Capcom Puts Windows 10 Players on Notice: Monster Hunter Wilds, Rise, and World May Stop Running Mid-October—Update Your Drivers Now

Microsoft will pull the plug on Windows 10 support on October 14, 2025, putting hundreds of millions of PCs on the clock to upgrade or risk going unprotected.
Capcom just told Monster Hunter players what a lot of PC holdouts were hoping not to hear: if you keep riding Windows 10 into 2025, you are basically on your own.
Windows 10 is about to be a no-safety-net zone for Monster Hunter
With Microsoft ending Windows 10 update support on October 14, 2025, Capcom posted a Steam notice saying it will not guarantee Monster Hunter Wilds, Monster Hunter Rise, or Monster Hunter World will keep running on that OS after the cutoff. The games will not suddenly self-destruct on October 14, but future Windows or game updates might break things on Win10, and Capcom will not be patching around that.

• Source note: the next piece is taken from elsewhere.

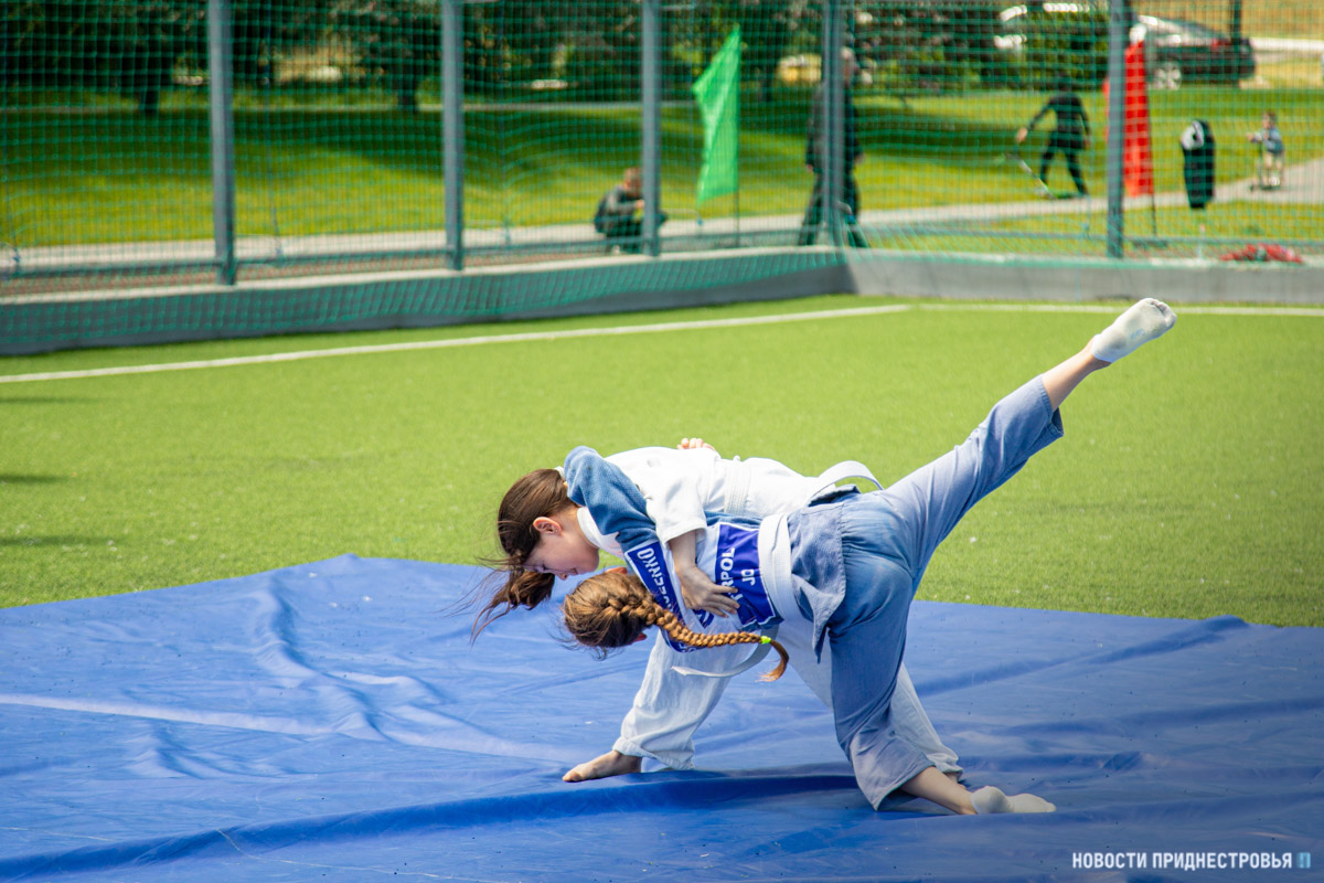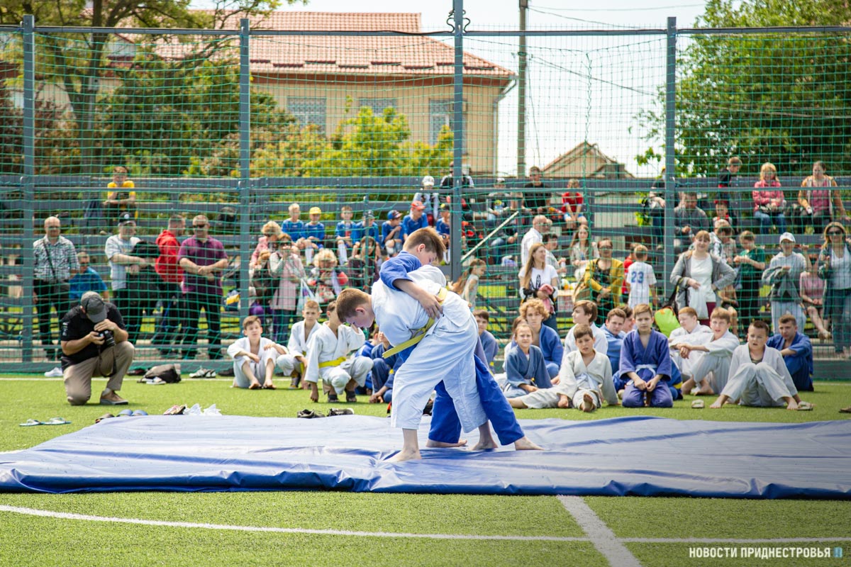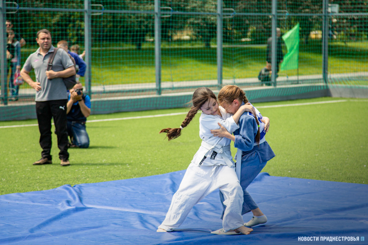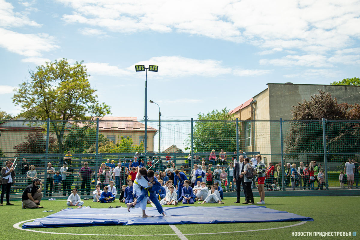 На спортивной площадке прошли соревнования и показательные выступления по различным видам спорта. Началось всё со спортивно-игровой программы. На футбольном поле провели «Солнечную зарядку с чемпионом». Затем выступили учащиеся СДЮШОР борьбы и бокса. Своё мастерство продемонстрировали не только мальчики, но и девочки.

"Proper game functionality cannot be guaranteed on operating systems of which Microsoft has ended support."
Translation: if you hit a wall on Windows 10 after October 14, support can only reference whatever info existed before the cutoff, and Capcom will stop investigating Windows 10 runtime problems entirely. If you want ongoing fixes and a support path, move to Windows 11.
Separate issue: Wilds is crashing for some players, update your drivers
Roughly three hours after the Windows 10 warning, Capcom put up another Steam note aimed at everyone playing Monster Hunter Wilds. The team says it has confirmed crashes and other forced shutdowns tied to GPU driver issues and is telling people to update their drivers to these versions or newer:
- Nvidia: 580.88+
- AMD: 25.2.1+
Manage your expectations here. A fresh driver might steady the ship for some rigs, but it is not a miracle cure. It sounds like the latest Wilds patch stirred up some driver-related instability and Capcom is trying to sand down the rough edges for now.
Bigger CPU/GPU optimization work meant to tackle Wilds' broader PC performance problems is still planned for "this winter." Until then, if you are staying on Windows 10, know the clock is ticking; if you are crashing on any OS, try those drivers first.